Around this same time, my wife wanted to get a computer like the IBM PC she used at work. IBMs were very expensive, but the company had just launched the IBM PS1 line at Sears alongside the Prodigy online service. We bought the base model, with a 286 chipset, 512 KB of RAM, and a small grayscale (like black, white, and two shades of gray) display. It was a handsome little machine, and after discovering that my wife didn’t know how to launch applications like WordPerfect, I learned how to IBM/MS-DOS batch files and wrote a front-end application for launch apps. (A friend later took this and included it on PCs that his company sold.)

In 1992, Id Software released Castle Wolfenstein 3D, changing everything. I had tested a free copy of Microsoft Windows 3.0 on my wife’s PS1, but it ran so slowly you could watch the menus draw in real-time. But Wolfenstein 3D? This thing ran full speed even on my wife’s lowly computer, the only detriment being its grayscale display. It was eye-opening: here was a game that was impossible (in that day) on my Amiga, which was this graphics powerhouse, running great on the lowliest of PC hardware. The future was happening.

And then I moved to the Phoenix area to go back to school and study software development, and it became even more obvious that I’d need a PC. I was able to complete an entire semester of a class (minus the final project) that required Turbo Pascal using a Turbo Pascal clone on the Amiga, but that wasn’t going to work long-term. And so I made the switch sometime in late 1993.

I built my first PC. And while I don’t remember all the specs, it was based on an AMD 386SX chip and I was particularly happy with a 15-inch Packard Bell display I got at Sears. Id Software released DOOM in 1993 as well, and I sent a check to Mesquite, Texas so I could get the full game (on floppies). I needed a custom boot disk for my 386SX to optimize memory for the game, but it worked.

Around this time, I also started my book writing career thanks to a professor at Scottsdale Community College, and so I had to upgrade my PC over time. First with peripherals like a CD-ROM drive—by the time Windows 4.0/95 was in Beta, it was ponderous to use just floppies—and then with a new PC. My first purchased PC was a Dell 486 system. And we were off, writing books about Excel, Office, Windows, Visual Basic, and more, and getting involved with various Microsoft betas.

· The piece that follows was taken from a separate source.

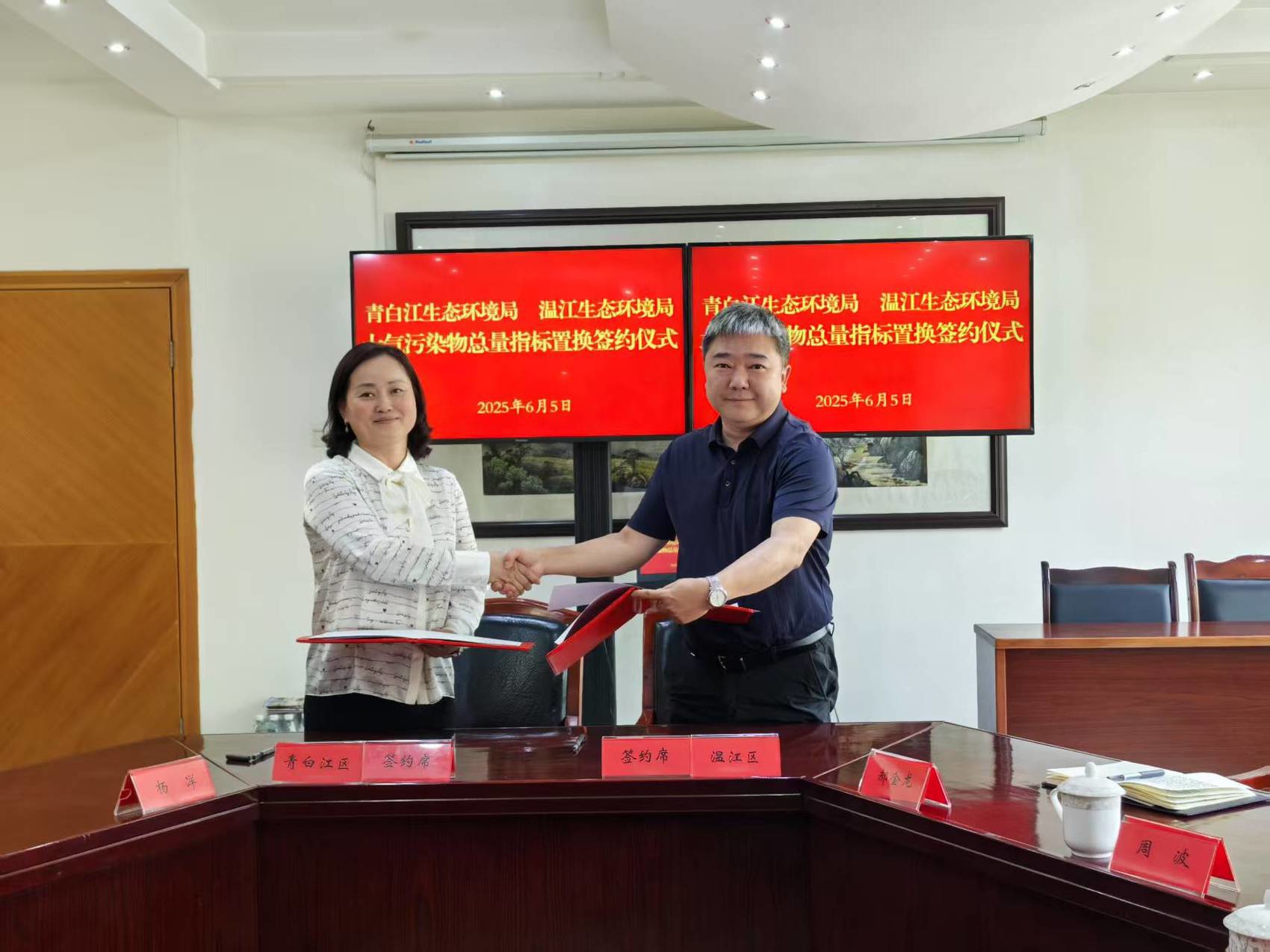 成都市温江区与青白江区签订《大气污染物总量指标批量互换协议》

During these years, I focused on PC gaming. And the late 1990s was a high point for PC gaming with a rush of titles that kept pushing the bar higher. DOOM begat Duke Nukem 3D and was followed by Quake, Medal of Honor, and so many others. But we also played a lot of Sega Genesis and then the Nintendo 64. And then the 21st century arrived, with new consoles like the Sony PlayStation and the Xbox.

There’s so much there, but there’s also so much I left out, and so much I’ve probably just forgotten. One thing I’ve learned as I grew older was to move past the silly biases of the past. For example, I considered myself a Commodore guy in the 1980s and early 1990s, and I looked less kindly on competing systems from Atari and elsewhere. But then I learned that the Amiga’s chipsets were designed by the same guy who had designed the chipsets in the Atari 8-bit computers (400, 800, XL, etc.) and that they shared similar architectures. These days I have a deeper appreciation for the entire gamut of systems from any given era. We all should: in these systems, we can see ideas that pushed us into the future and others that faded away, perhaps unfairly.

Anyway, let’s see where this takes us. There’s no sense of order here, in that I won’t try to discuss things in any historical order. But perhaps it will get more cohesive over time.